80% case: persona + appendSystemPrompt

new WebAgent({
  llm,
  persona: 'You are the Acme assistant. Speak as "we" when describing what Acme provides.',
  appendSystemPrompt: [
    '# Sitemap — what the user wants → which page',
    '- `/orders` — view orders, returns, invoices.',
    '- `/account` — change profile, payment methods, address.',
    '',
    '# Navigation',
    'To go to another page, just call navigate. Do not pre-narrate.',
    '',
    '# Narration',
    '- When explaining or guiding through the page, every narrate must call border on the element it refers to first.',
    '- Use `\\n` to split multi-item content (plans, steps, options) onto separate lines.',
    '',
    '# Language',
    'Reply in the language the user last used.',
  ].join('\n'),
});

Hard takeover: systemPrompt: string

Wipes the SDK default (including envelope rules). You must copy the envelope rules into your own string or the model won't know how to call agent_turn. Use the function form instead in most cases.

Tool list location

In CoT mode OpenAI's tools[] only carries one agent_turn (with forced toolChoice). The real actions (navigate / click / scroll_to / border / fill_input / …) live in the system prompt's # Tools section with their name + description + JSON Schema, for the model to populate agent_turn.actions[].tool.

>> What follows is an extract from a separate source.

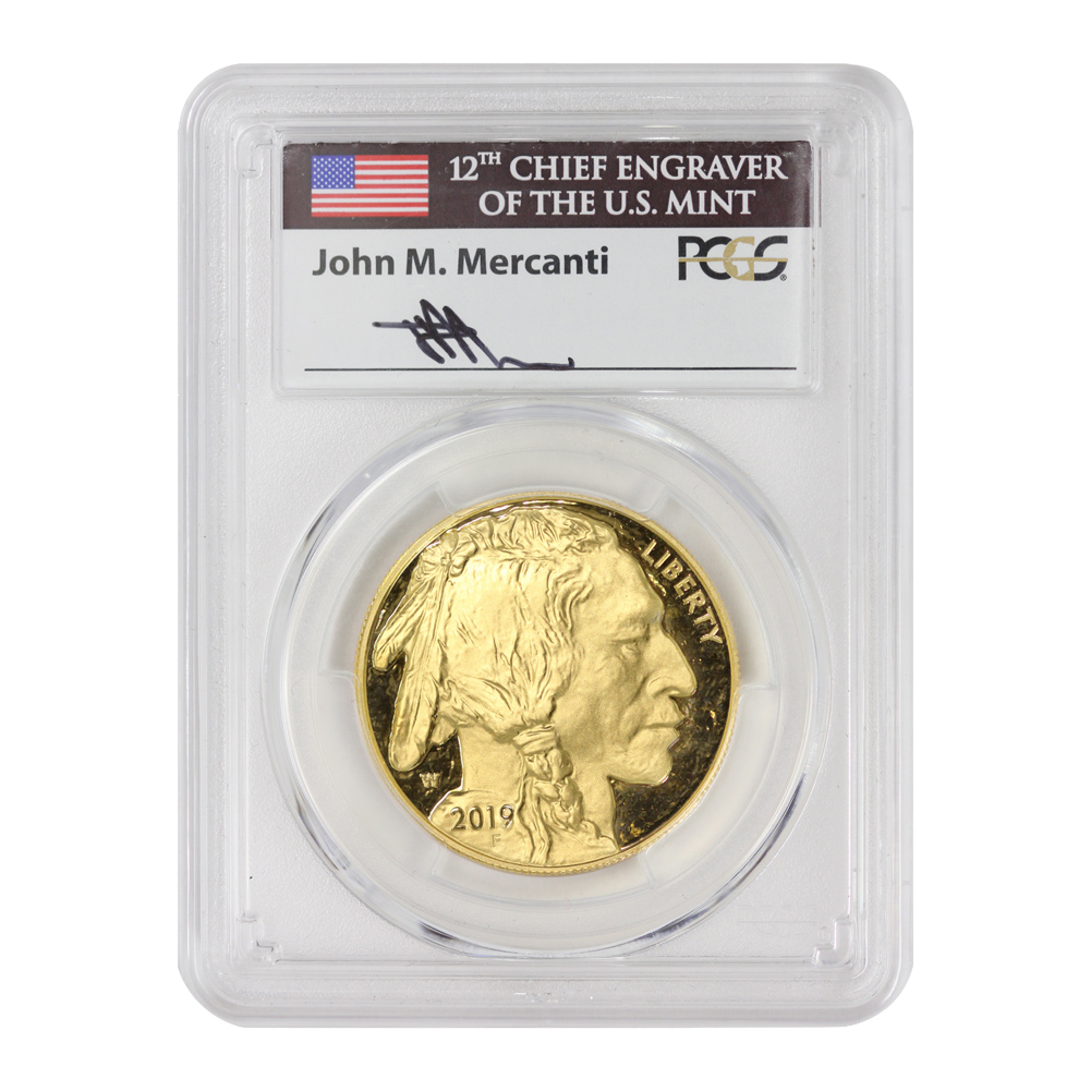 2019-W $50 Gold Buffalo PCGS PR70DCAM FDOI Mercanti Label

To add an action use WebAgentConfig.customActions; to remove a builtin use disableBuiltinActions; to enable present_surface set allowPresent: true.

Debug

window.__dddkDebug.lastLlmMessages holds the last messages array sent; window.__dddkDebug.turnLog keeps a rolling 50-entry summary of each turn's envelope. The console also logs [dddk webagent] turn with memory / todos / actions per turn.

Why the SDK default is English

LLMs respond most reliably to English imperative instructions and stable tool-calling. The dev block lets the host write whatever language they want; the host's reply-language rule overrides the English default.